→ The task
Write out, word for word and with no pictures, each line below from the one containing "1、招聘崗位:實(shí)習(xí)技師/保養(yǎng)技師/儲備干部" through the one containing "When I was working", both included, and no other line.

----------

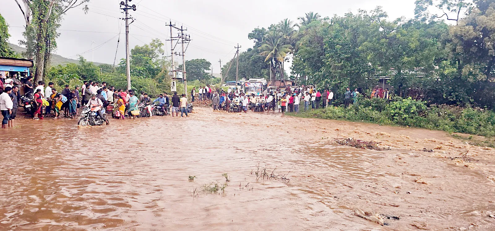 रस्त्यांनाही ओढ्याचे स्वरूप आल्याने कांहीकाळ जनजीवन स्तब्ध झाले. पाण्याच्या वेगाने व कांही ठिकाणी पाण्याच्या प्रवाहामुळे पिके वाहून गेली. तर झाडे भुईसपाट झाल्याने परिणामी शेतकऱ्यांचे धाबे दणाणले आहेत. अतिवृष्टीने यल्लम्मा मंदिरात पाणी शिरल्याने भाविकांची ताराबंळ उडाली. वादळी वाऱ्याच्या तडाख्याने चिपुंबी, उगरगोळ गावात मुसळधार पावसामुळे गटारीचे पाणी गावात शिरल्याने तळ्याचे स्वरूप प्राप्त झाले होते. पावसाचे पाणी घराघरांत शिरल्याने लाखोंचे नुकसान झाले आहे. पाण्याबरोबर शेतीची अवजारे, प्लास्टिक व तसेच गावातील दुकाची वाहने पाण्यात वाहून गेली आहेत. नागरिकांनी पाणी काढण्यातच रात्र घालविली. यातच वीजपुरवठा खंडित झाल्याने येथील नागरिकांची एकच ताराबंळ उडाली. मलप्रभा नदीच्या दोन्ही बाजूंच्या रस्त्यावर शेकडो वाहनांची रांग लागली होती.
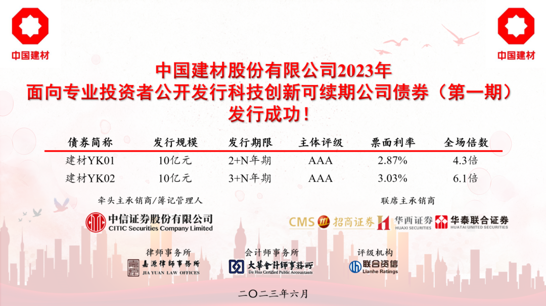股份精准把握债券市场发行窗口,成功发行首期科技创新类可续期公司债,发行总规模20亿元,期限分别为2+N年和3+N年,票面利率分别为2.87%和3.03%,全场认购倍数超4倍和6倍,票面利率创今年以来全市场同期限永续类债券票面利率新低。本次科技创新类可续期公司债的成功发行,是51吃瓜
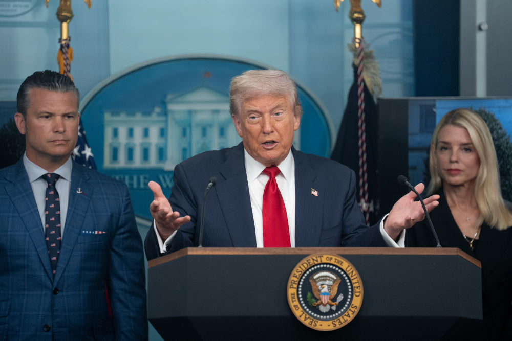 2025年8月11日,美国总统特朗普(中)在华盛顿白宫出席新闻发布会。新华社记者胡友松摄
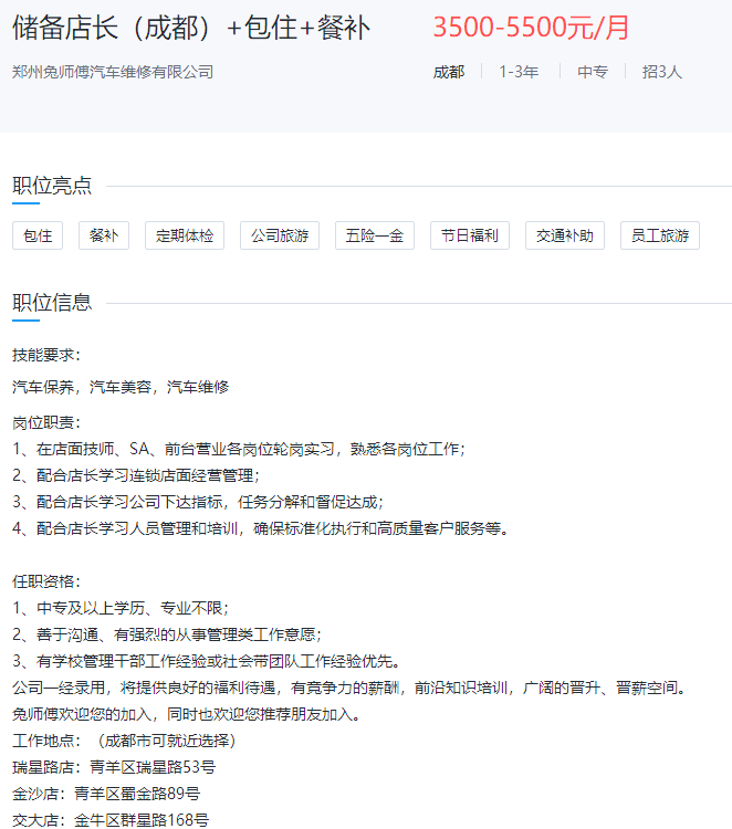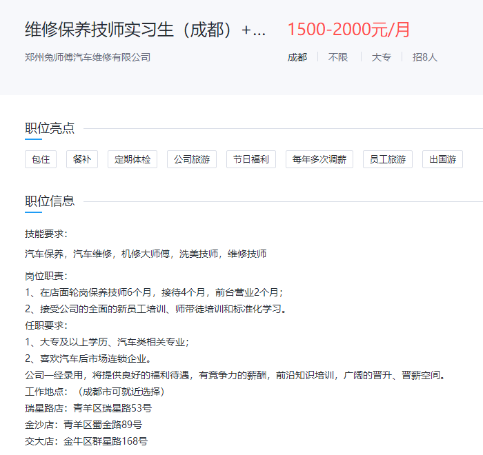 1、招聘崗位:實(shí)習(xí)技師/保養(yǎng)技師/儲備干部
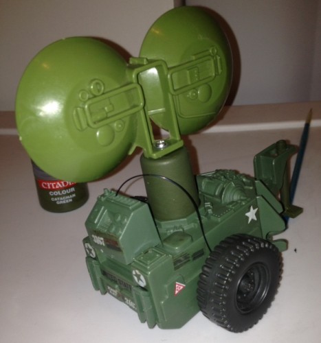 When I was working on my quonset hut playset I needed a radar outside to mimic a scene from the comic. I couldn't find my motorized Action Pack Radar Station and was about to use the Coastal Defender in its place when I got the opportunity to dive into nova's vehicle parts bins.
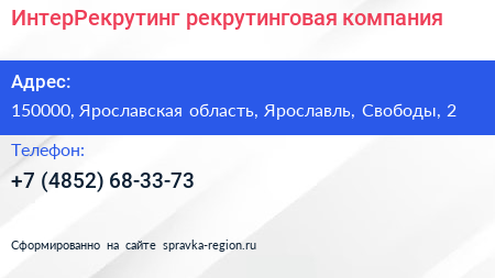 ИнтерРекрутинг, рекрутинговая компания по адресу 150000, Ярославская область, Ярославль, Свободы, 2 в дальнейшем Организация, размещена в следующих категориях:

----------

→ Output of the task
 1、招聘崗位:實(shí)習(xí)技師/保養(yǎng)技師/儲備干部
 When I was working on my quonset hut playset I needed a radar outside to mimic a scene from the comic. I couldn't find my motorized Action Pack Radar Station and was about to use the Coastal Defender in its place when I got the opportunity to dive into nova's vehicle parts bins.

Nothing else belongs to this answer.